Indigo Books & Music Inc. shareholders have voted to take the company private. On Monday, they approved a $2.50 per share offer from Trilogy Retail Holdings Inc. and Trilogy Investments L.P. These companies, owned by Gerald Schwartz, who is married to Indigo's CEO Heather Reisman, hold a 56% stake in the bookstore chain.


Originally, Trilogy offered $2.25 per share but raised their bid in April. The deal needed a two-thirds majority vote from all shareholders and a simple majority from those not affiliated with Trilogy. In the end, 95.09% of votes supported the deal, with 83% of unaffiliated shareholders also in favor.


Heather Reisman expressed her satisfaction with the vote, emphasizing a continued commitment to customers and stakeholders.
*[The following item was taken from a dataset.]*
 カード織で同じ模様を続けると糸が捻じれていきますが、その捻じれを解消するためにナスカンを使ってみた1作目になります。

Indigo spokesperson Madison Downey confirmed that Trilogy would not comment on the vote.


The decision to go private aims to help Indigo avoid the scrutiny that comes with being a publicly traded company, allowing it to focus on regaining profitability and growth. This move comes after a challenging period for Indigo, including a cyberattack that took down its website, several quarterly losses, layoffs in January, and significant changes in board members.


Professor Richard Leblanc from York University noted that avoiding public reporting could benefit Indigo, which has faced numerous difficulties. Indigo’s issues have been compounded by inflation and high interest rates, leading to cautious consumer spending, especially on non-essential items.
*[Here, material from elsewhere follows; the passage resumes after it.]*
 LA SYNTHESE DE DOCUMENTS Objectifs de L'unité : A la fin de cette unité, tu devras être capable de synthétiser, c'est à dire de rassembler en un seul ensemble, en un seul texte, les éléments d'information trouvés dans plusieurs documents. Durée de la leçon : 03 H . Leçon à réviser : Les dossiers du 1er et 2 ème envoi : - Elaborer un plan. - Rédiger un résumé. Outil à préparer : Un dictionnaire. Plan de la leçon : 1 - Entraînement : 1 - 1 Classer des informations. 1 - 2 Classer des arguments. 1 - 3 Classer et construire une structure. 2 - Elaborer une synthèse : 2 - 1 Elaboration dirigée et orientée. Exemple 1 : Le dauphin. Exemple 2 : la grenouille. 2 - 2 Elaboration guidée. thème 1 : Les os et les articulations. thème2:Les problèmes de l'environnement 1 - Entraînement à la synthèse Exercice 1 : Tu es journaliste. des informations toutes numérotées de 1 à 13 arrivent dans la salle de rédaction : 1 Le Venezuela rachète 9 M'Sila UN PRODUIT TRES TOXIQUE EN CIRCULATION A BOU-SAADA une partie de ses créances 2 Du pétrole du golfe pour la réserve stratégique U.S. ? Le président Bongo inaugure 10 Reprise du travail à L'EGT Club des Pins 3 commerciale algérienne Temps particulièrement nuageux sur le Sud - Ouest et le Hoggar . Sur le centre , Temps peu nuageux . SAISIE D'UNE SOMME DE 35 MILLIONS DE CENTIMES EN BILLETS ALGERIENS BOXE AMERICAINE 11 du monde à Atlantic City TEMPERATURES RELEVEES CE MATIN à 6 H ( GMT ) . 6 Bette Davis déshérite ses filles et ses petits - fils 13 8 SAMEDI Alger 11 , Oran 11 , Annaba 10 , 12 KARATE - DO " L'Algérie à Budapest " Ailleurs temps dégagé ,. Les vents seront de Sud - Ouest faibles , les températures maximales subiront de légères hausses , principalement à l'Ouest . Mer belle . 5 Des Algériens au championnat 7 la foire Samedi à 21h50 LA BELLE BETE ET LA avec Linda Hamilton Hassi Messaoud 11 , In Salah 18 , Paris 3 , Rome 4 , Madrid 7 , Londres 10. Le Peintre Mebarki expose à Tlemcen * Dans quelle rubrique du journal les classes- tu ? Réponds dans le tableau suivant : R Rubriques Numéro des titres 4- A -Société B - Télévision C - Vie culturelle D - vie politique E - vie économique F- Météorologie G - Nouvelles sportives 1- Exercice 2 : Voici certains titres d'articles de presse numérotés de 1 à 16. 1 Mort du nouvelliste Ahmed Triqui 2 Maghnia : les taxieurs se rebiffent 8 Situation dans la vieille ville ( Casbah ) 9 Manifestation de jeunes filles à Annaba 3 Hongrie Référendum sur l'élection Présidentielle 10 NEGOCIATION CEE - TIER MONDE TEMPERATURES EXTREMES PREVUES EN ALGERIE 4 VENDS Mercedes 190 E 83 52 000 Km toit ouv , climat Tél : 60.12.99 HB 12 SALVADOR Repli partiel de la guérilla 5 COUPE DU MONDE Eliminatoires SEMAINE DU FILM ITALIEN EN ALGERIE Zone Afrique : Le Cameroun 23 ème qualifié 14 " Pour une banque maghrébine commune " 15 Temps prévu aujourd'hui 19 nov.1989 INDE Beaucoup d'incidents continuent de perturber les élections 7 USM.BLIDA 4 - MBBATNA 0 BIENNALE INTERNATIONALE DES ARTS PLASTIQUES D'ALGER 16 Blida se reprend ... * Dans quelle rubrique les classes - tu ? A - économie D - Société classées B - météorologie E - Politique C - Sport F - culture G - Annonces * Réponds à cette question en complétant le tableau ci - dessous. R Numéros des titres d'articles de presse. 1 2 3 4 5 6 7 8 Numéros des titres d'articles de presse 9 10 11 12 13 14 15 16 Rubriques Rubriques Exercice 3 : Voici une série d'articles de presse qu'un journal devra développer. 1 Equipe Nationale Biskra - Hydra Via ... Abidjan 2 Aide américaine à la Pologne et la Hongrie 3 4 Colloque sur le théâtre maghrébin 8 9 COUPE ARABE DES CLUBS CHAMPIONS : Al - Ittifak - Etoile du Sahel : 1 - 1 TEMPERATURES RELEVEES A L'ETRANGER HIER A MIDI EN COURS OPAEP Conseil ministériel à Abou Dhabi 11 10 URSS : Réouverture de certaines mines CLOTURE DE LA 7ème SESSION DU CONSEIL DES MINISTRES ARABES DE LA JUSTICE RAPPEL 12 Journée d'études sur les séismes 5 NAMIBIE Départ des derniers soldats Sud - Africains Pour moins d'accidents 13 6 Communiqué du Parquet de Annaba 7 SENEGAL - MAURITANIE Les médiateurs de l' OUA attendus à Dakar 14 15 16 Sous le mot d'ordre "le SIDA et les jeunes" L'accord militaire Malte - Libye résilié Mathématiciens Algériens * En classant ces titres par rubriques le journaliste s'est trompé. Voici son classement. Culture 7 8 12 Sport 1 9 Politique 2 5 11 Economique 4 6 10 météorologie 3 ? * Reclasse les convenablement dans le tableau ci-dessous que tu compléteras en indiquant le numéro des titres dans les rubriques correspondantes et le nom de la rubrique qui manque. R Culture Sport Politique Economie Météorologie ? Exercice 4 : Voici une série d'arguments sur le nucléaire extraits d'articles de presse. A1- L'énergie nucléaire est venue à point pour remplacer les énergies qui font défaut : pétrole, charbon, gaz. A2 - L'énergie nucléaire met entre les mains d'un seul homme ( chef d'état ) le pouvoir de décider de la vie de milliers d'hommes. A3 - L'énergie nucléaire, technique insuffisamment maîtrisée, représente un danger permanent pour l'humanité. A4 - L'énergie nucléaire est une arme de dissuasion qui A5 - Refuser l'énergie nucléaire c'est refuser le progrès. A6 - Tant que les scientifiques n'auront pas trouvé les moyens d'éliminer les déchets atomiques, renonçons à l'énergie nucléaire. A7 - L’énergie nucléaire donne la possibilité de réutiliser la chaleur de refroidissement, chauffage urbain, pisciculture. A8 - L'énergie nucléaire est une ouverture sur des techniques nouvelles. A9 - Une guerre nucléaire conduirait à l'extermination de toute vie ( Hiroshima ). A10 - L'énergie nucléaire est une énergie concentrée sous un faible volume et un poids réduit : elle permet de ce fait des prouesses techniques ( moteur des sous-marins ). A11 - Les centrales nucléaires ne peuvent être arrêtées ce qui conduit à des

In response, Indigo has been implementing a transformation plan, which includes removing certain products from shelves and replacing Starbucks locations with Columbus Café & Co. Additionally, Reisman has promised to enhance store experiences with digital inventory kiosks, more events, and added seating.
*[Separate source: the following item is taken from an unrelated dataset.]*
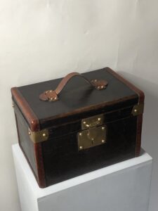 Malle de voyage en bois recouverte de cuir, des coins en laiton et sa serrure d’époque, fabriquée vers 1880/1900 à Lyon par les Etablissements J. BERNE.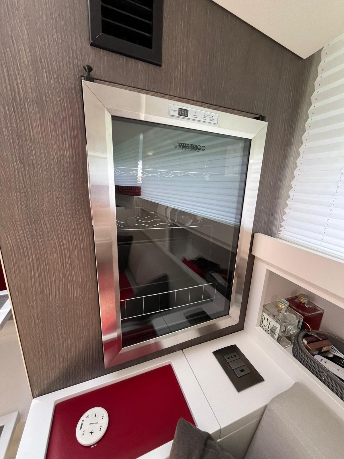 Climatisation - Générateur Mase 7 kW - onduleur - propulseur avant électrique - ancre rétractable en acier inoxydable - onduleur 1500 W - volet Zipwake - Fusion stéréo - plateforme électrohydraulique arrière - lumières de courtoisie - lumières sous-marines - cave à vin - machine à glace - frigo - congélateur - plaque électrique - grill - Teck synthétique Estech - antenne TV - TV LCD - douche Elka avec tige en carbone à la poupe - auvent électrique pour la poupe - T - enveloppe de coque.

Retail expert Liza Amlani believes privatization could provide the needed shakeup for Indigo, allowing Reisman more freedom to implement her vision with Trilogy’s backing.


The offer, reflecting a 69% premium on Indigo's initial share price when the bid was made, saw no significant opposition. The deal, endorsed by a special committee of independent directors and recommended by proxy advisory firms, now awaits final court approval and will result in Indigo's shares being delisted from the Toronto Stock Exchange.